Candida albicans infection inhibits macrophage cell division and proliferation
Candida albicans is a major life-threatening human fungal pathogen.
Host defence against systemic infection relies mainly on phagocytosis of Candida by cells of the innate immune system (Gow et al., 2012).
Our recent work has studied C. albicans-macrophage interactions using phagocytosis assays and live cell video microscopy coupled with sophisticated image analysis tools (McKenzie et al., 2010; Lewis et al., 2012).
Such studies reveal dynamic aspects of the host-pathogen interaction that are not evident from studies based on fixed time point analyses. We have shown, for example, that C. albicans can rarely use non-lytic expulsion as a means to escape from macrophages, leaving both pathogen and host cell viable (Bain et al., 2012) and provided detailed information on how hyphal formation within macrophages leads to macrophage lysis and C. albicans escape (McKenzie et al., 2010). Here we show that infection of macrophages with C. albicans can result in failure of macrophages to complete mitosis. Instead of separating into two individual cells, daughter phagocytes remain together and can fuse to reform a single large macrophage. This intriguing and surprisingly common phenomenon may represent yet another virulence attribute of C. albicans.
2. Description of observation
Video 1 shows an example of a J774.1 macrophage that successfully underwent mitosis. When macrophages were cultured with live C. albicans, 29.5 ± 5.7% of macrophages initiated mitosis; however, 35.9 ± 6.1% of 147 mitosis events examined resulted in failed cell division. In Video 2 the macrophage ingests multiple C. albicans, which form hyphae within the macrophage. The host macrophage initiated mitosis, but instead of completely separating, the daughter cells remained fused together. In all cases of failed cell separation, C. albicans hyphae were observed spanning both daughter cells. Macrophages did not persist in their attempt to undergo mitosis indefinitely. Instead macrophages fused back together on average 44.6 ± 3.3 min after initiation of cytokinesis. It is noteworthy that phagocytosis could still occur whilst macrophages were attempting to undergo mitosis.
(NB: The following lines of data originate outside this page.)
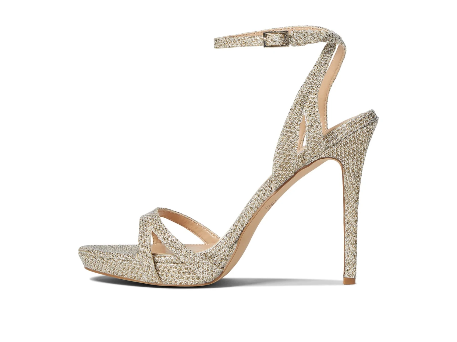 - Strappy adjustable ankle strap with buckle closure.
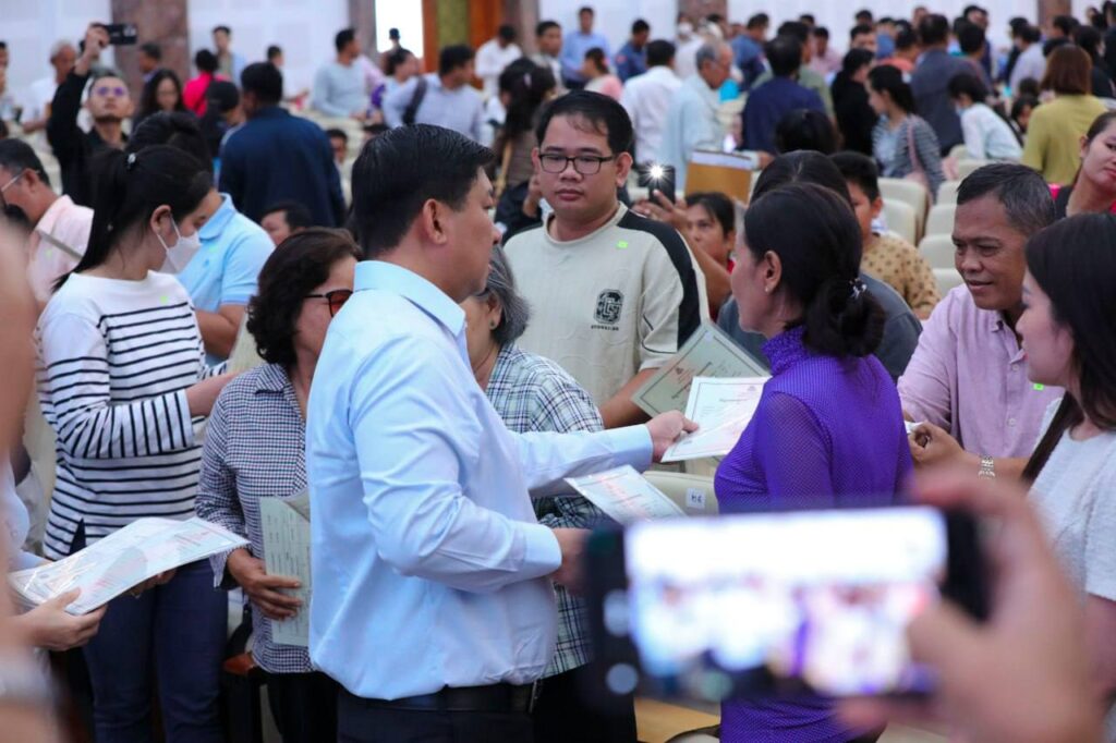 សូមជម្រាបថា ការចែកបណ្ណកម្មសិទ្ធិ និងអនុវត្តនីតិវិធីចុះបញ្ជីផ្ទេរកម្មសិទ្ធិជូនអតិថិជនបុរី ឡេង ណាវ៉ាត្រា គម្រោងផ្លូវជាតិលេខ ៦អា និងគម្រោងជ្រែមួយរយ ស្ថិតនៅភូមិជ្រែមួយរយ និងភូមិអន្លង់ស្លែង ឃុំសំបួរមាស ស្រុកមុខកំពូល ខេត្តកណ្តាល នឹងធ្វើឡើងរយៈពេល ៣ថ្ងៃ ចាប់ពីថ្ងៃទី២៧ ដល់ថ្ងៃទី២៩ ខែវិឆ្ឆិកា ឆ្នាំ២០២៥ រៀងរាល់ម៉ោងធ្វើការ នៅទីស្តីការក្រសួងរៀបចំដែនដី។
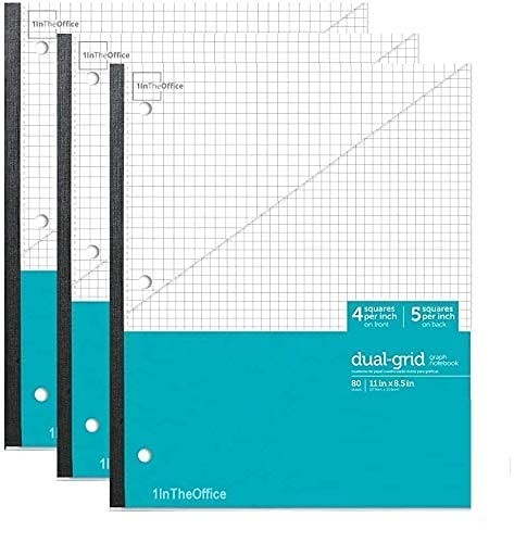 Graph Ruled Notebook 3 Pack - Teal Quad Ruled Graph Paper, 8.5 x 11 - Wireless
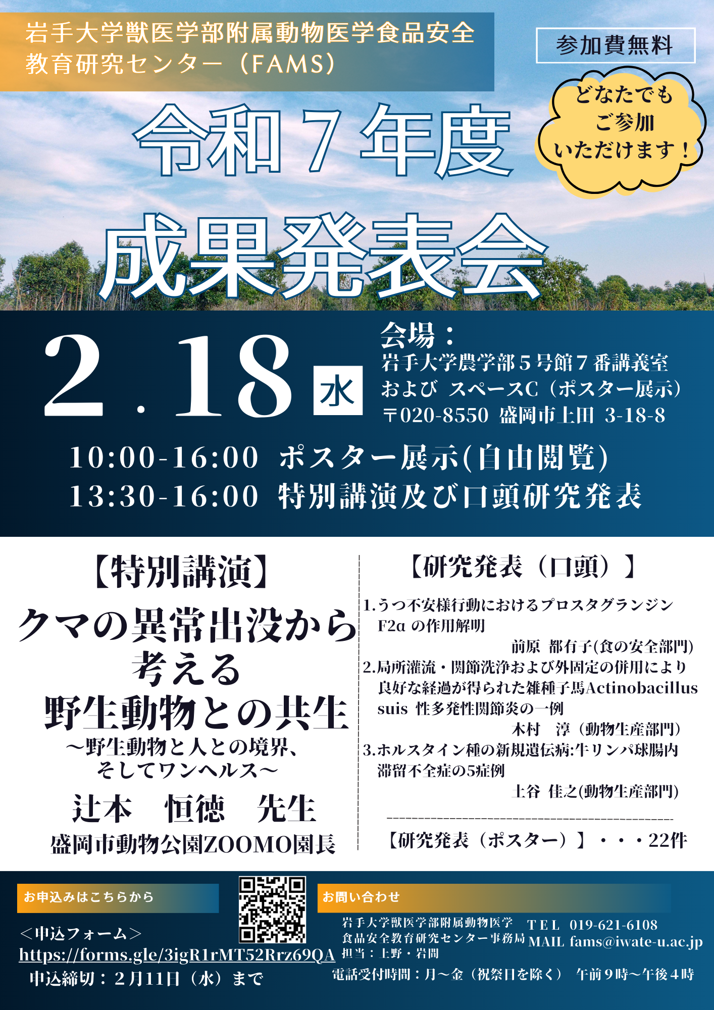 岩手大学獣医学部附属動物医学食品安全教育研究センター(FAMS)では、令和7年度成果発表会を開催します。

Interestingly, infection with C. neoformans has also been shown to promote cell cycle progression as a strategy to spread infection (Luo et al., 2012).
Failure to complete cell division in macrophages infected with hyphal C. albicans may occur due to difficulties in dividing large cargos, such as hyphae, between daughter cells and our observations suggest that hyphal size may be an important factor in this process.
C. albicans hyphae may impede spindle formation or prevent the actin ring from contracting and pinching the macrophage into separate daughter cells during cytokinesis.
Some microbial pathogens are known to interfere with cell cycle progression, including Clamydia trachomatis, which can selectively block cytokinesis (Greene and Zhong, 2003). Likewise, C. albicans may either have evolved a specific mechanism to prevent macrophage replication or interfere with this process indirectly due to the enlargement and distension of the phagosome.
The observation that C. albicans hyphae spanned both daughter cells in all cases of failed cell separation implies mechanical rather than active inhibition of cytokinesis. Interestingly, non-lytic expulsion of hyphalC. albicans has been observed immediately prior to a host macrophage undergoing mitosis (Bain et al., 2012). It is possible that, in this instance, expulsion of C. albicans may have enabled mitosis and cytokinesis to proceed normally.
Thus, the ability of C. albicans to impede daughter cell separation may be yet another mechanism employed by C. albicans to aid its survival. An alternative explanation is that this process benefits the host, in that macrophages may sense that they carry dividing fungal cells and inhibit division to prevent spreading of the infection. Interestingly, we observed failed cell division most frequently in clusters of macrophages exposed to and infected with multiple C. albicans hyphae. One may speculate that this may result in macrophage giant cell formation that may help suppress growth of large sized microbial cells. Failed cell division is likely to have profound consequences on the host response to infection with C. albicans and future studies are needed to establish the mechanism by which phagocytosis of fungal cells inhibits macrophage mitosis.